On one of his first flights with an instructor, Mane remembers being told what to say and practicing it aloud before pressing the button to start speaking with air traffic control. By the time he pushed the button, Mane had forgotten half of what he was supposed to say, then repeated it. But speed and clarity is especially important during landing — considering there could be more than one airplane trying to land at roughly the same time — so the instructor pushed his own mic to talk to the tower. Mane says he was “either too slow or I messed something up and there was another airplane close by, and the instructor didn’t have time for me to get my sentence right and clutter the airwaves.”

“If you only practice a handful of times, you just don’t get good at it,” Mane says.

PlaneEnglish has more than 50 lessons accessible at any time. Lessons guide users through simple and complicated interactions with air traffic control on every phase of flight from taxi out, to takeoff, to airspace entrance, to approaches, to taxi in. Each simulation includes visual clues that show altitude, distance from an airport, and direction. A variety of airports can be selected or one will be randomly selected for the user.

Users are required to respond properly in specific situations, using the correct phraseology, speech rate and other factors. There can be as many as five or six exchanges back and forth with “air traffic control.” Then users are graded on those responses.

“Every time you do a lesson, there is going to be something that changes,” Mane says, “so you can’t just memorize.”

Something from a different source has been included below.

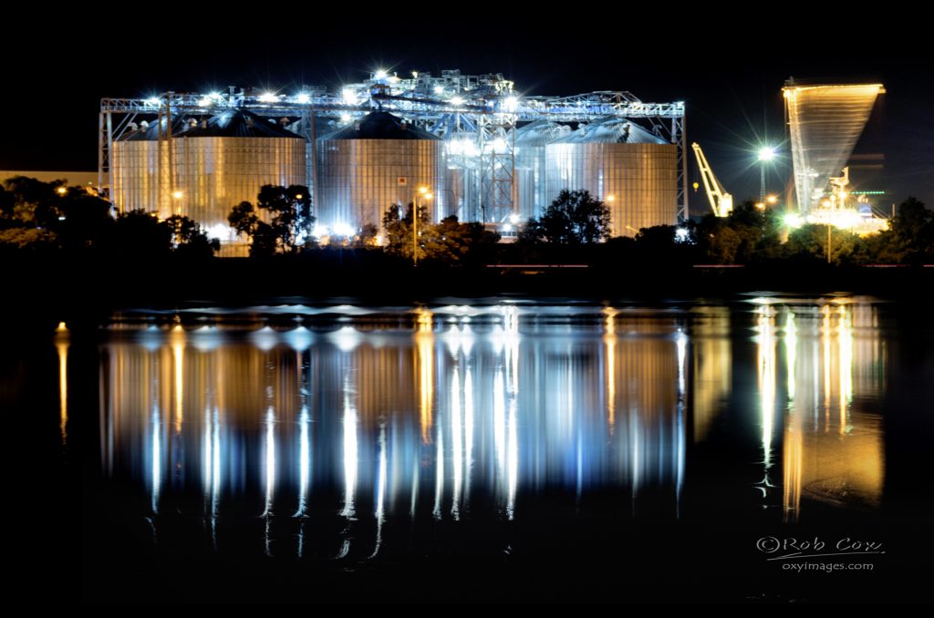 A grain facility at Bunburyās inner port. The night was unusually calm so made the most of the glassy surface of Leschenault Inlet.Ā https://www.oxyimages.com/welcome

In conversations with flight schools, especially those that train international students, Mane says schools are seeing the utility of PlaneEnglish by giving it to students even before they join flight programs. It’s a means of practicing speaking English, which is a requirement for pilots worldwide, even before they come to the United States to start flying. It can reduce pre-flight preparation for students, Mane says.

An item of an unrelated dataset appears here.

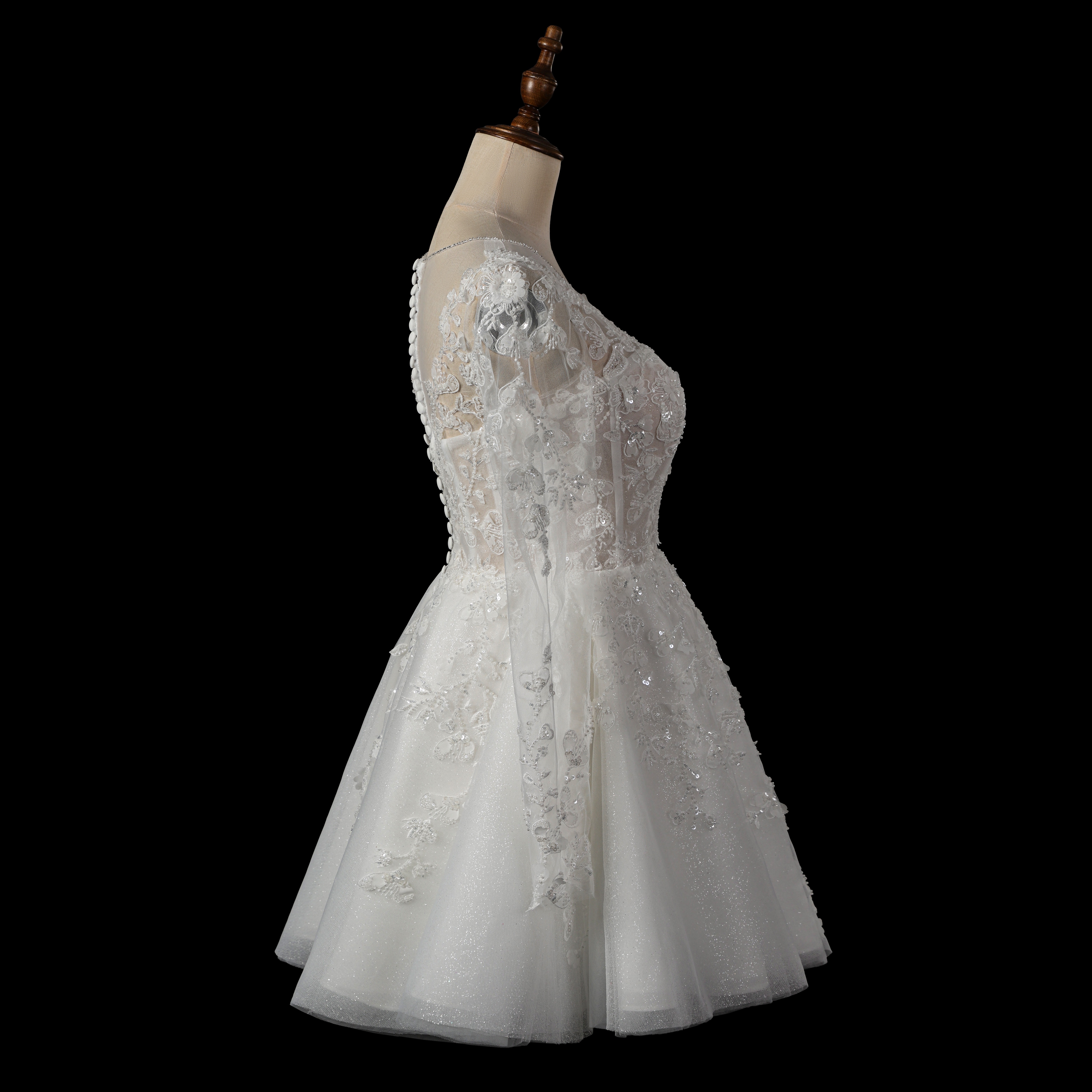 flower lace and beads with long sleeves short wedding dress

ICAO has a grading system for assessing English language proficiency in certified airmen that includes six levels. ICAO Level 4 is required to fly airplanes in international air traffic and to use English for radio telephony purposes. In July 2017, the FAA introduced something similar with its Aviation English Language Standard (AELS), which requires that holders of an FAA certificate or rating should be able to communicate in English in a discernible and understandable manner with air traffic control, pilots, and others involved in preparing the aircraft for flight and operating an aircraft in flight. The FAA advisory said, “this may or may not involve the radio.” Actual standards on how to assess a pilots proficiency do not exist, Mane says.

He’s hoping PlaneEnglish can help create a baseline.

“The FAA, in the last two years, has come up with advisory circulars about how students or pilots could be assessed and has provided guidelines on how to determine if a pilot meets the FAA AELS,” Mane says. “The FAA is starting to ask instructors to try and test their students about their English speaking and their ability to communicate on the radio. Instructors aren’t equipped to do this. They’re not trained. They don’t have a basis for how to do this. So we see that as another area of utility for what we’ve created.

“If everybody were to use PlaneEnglish, they’d be training to the same standard and be graded by the same standard, so you’d have this standardized way of talking on the radio and would be able to reduce idle talk or lengthy communications that can be a problem sometimes and, above all, be safe.”